**Task instructions**
Extract the records below word for word and ignore the images.

==*==

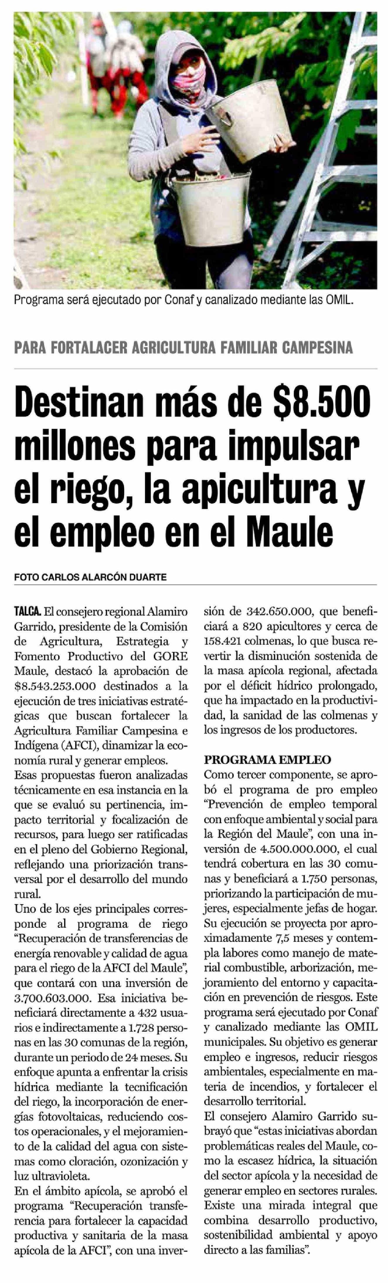 Título: Destinan más de $8.500 millones para impulsar el riego, la apicultura y el empleo en el Maule
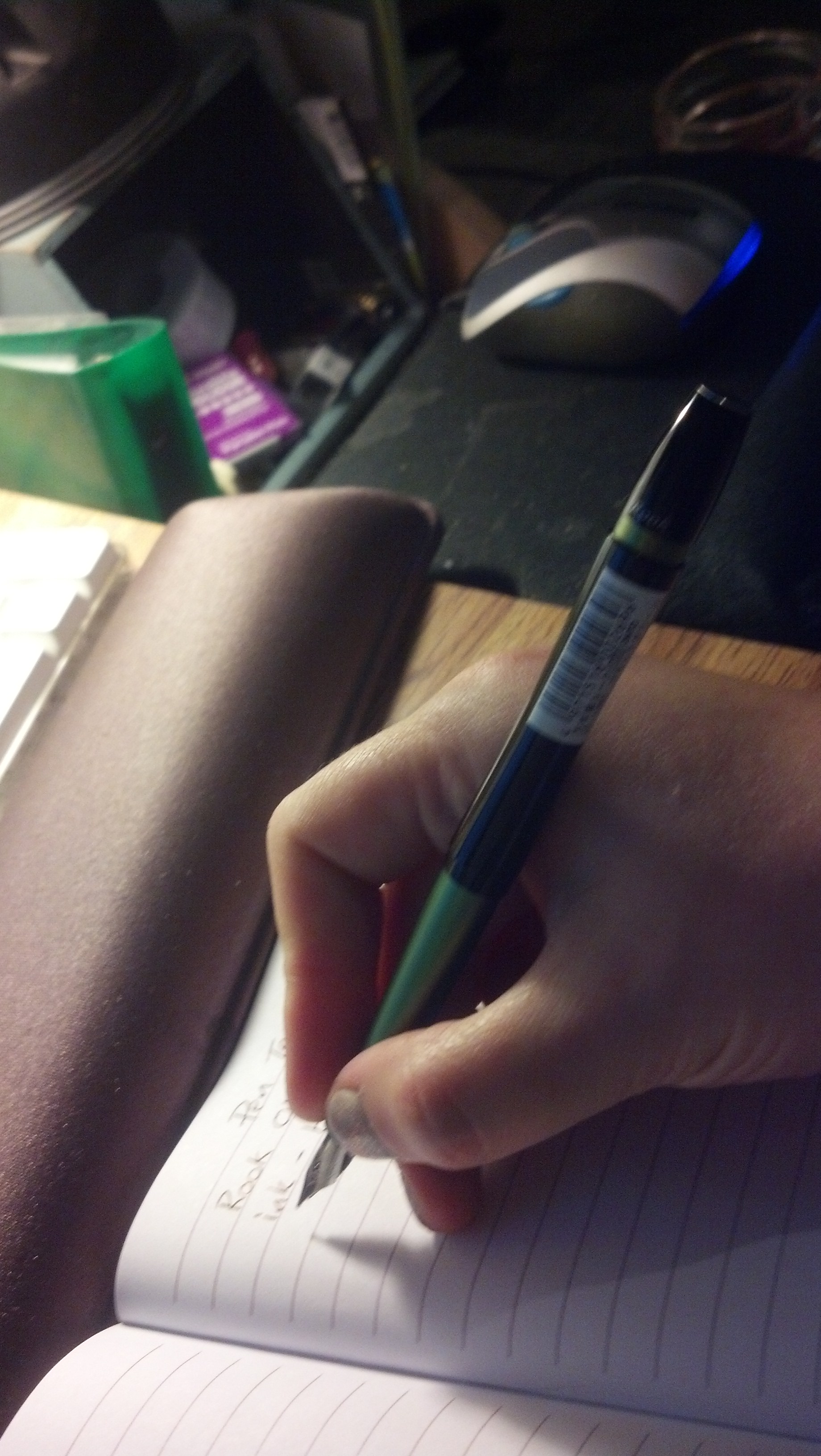 My battle cry when writing is: “We’ll fix it in post!” I used work in video production, and it’s something you say when there’s a snafu but for whatever reason you’re not going to re-shoot it. It’s a more professional way to urge people forward to the next task. If you want to finish a project, you have to move forward to then end– then you can fix it. It is A LOT easier to cut the path you want in a mess of words that aren’t quite right than it is to lay them like tile. Unlike four hours of footage no one had a mic plugged into the camera, you really CAN fix everything in post in writing. For me, writing in pen is the way I keep kicking my own ass forward.
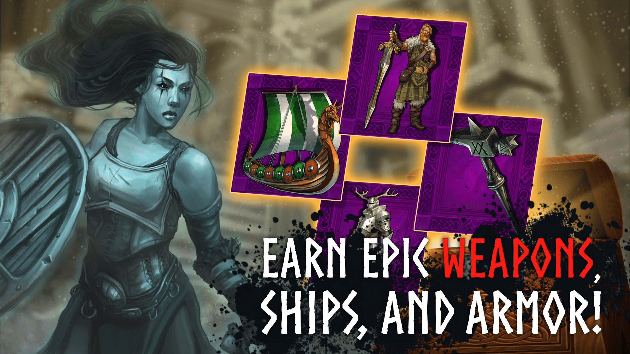 明智地选择你的武器、盟友和战斗。在这个在线社交维京文字角色扮演游戏中,建立一个穿越时间的维京帝国。挑战对手,杀死野蛮的野兽,掠夺村庄,掠夺公海并前往海洋边缘!
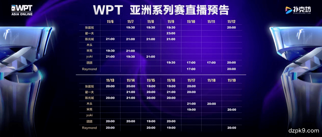 群星闪耀的WPT亚洲巡回赛,赛事直播自然不能缺席,从11月6日开始扑克坊将全程直播WPT亚洲巡回赛及其卫星赛!
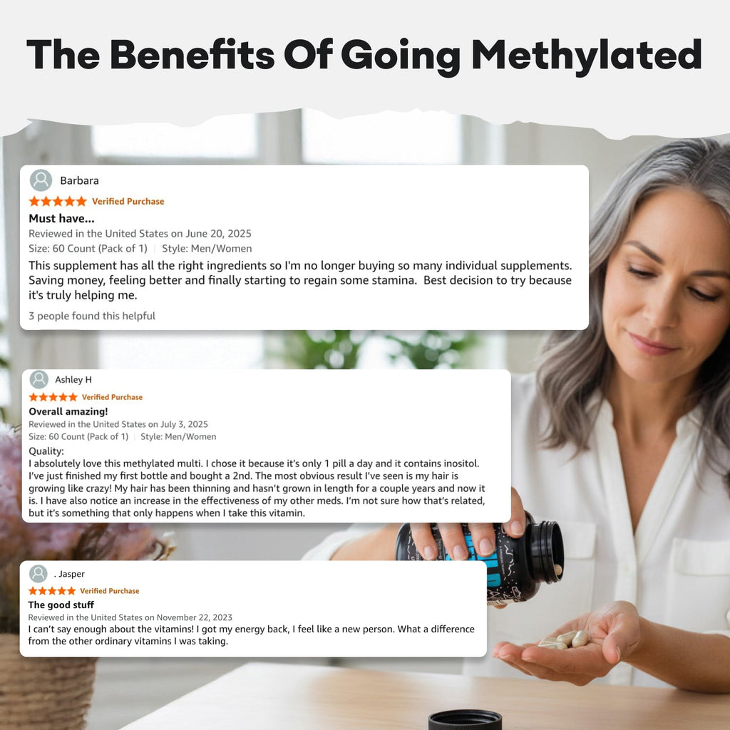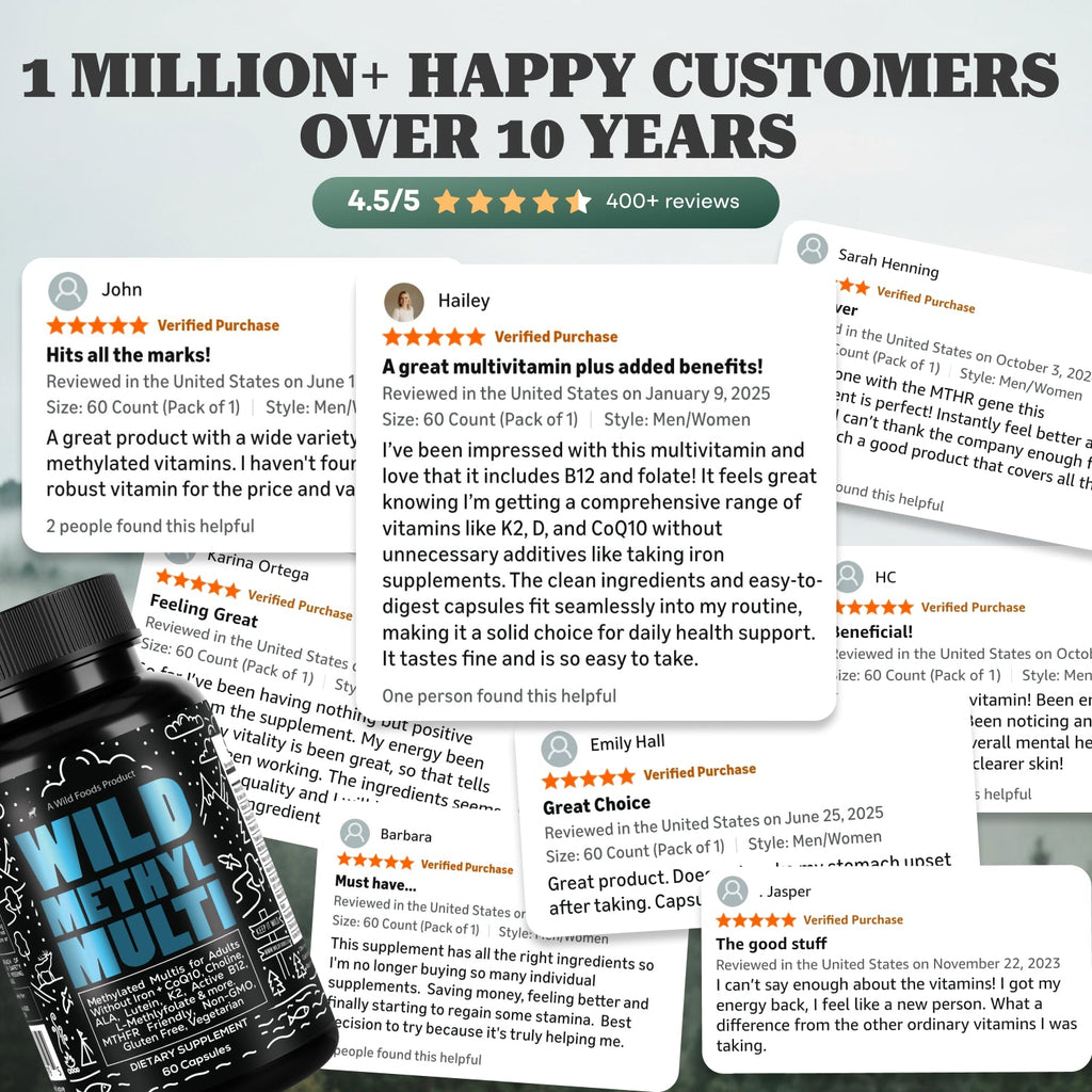 Support steady energy, a clear head, healthy hair/skin/nails, and everyday vitality— in one simple habit. Wild Foods Methyl Multi uses pre-converted (methylated), bio-ready B-vitamins—including L-5-MTHF (active folate) and methylcobalamin (active B12)—so your body can use them right away to support cellular energy, focus, mood, and immune health.

==*==

**Response below**
 Título: Destinan más de $8.500 millones para impulsar el riego, la apicultura y el empleo en el Maule
 My battle cry when writing is: “We’ll fix it in post!” I used work in video production, and it’s something you say when there’s a snafu but for whatever reason you’re not going to re-shoot it. It’s a more professional way to urge people forward to the next task. If you want to finish a project, you have to move forward to then end– then you can fix it. It is A LOT easier to cut the path you want in a mess of words that aren’t quite right than it is to lay them like tile. Unlike four hours of footage no one had a mic plugged into the camera, you really CAN fix everything in post in writing. For me, writing in pen is the way I keep kicking my own ass forward.
 明智地选择你的武器、盟友和战斗。在这个在线社交维京文字角色扮演游戏中,建立一个穿越时间的维京帝国。挑战对手,杀死野蛮的野兽,掠夺村庄,掠夺公海并前往海洋边缘!
 群星闪耀的WPT亚洲巡回赛,赛事直播自然不能缺席,从11月6日开始扑克坊将全程直播WPT亚洲巡回赛及其卫星赛!
 Support steady energy, a clear head, healthy hair/skin/nails, and everyday vitality— in one simple habit. Wild Foods Methyl Multi uses pre-converted (methylated), bio-ready B-vitamins—including L-5-MTHF (active folate) and methylcobalamin (active B12)—so your body can use them right away to support cellular energy, focus, mood, and immune health.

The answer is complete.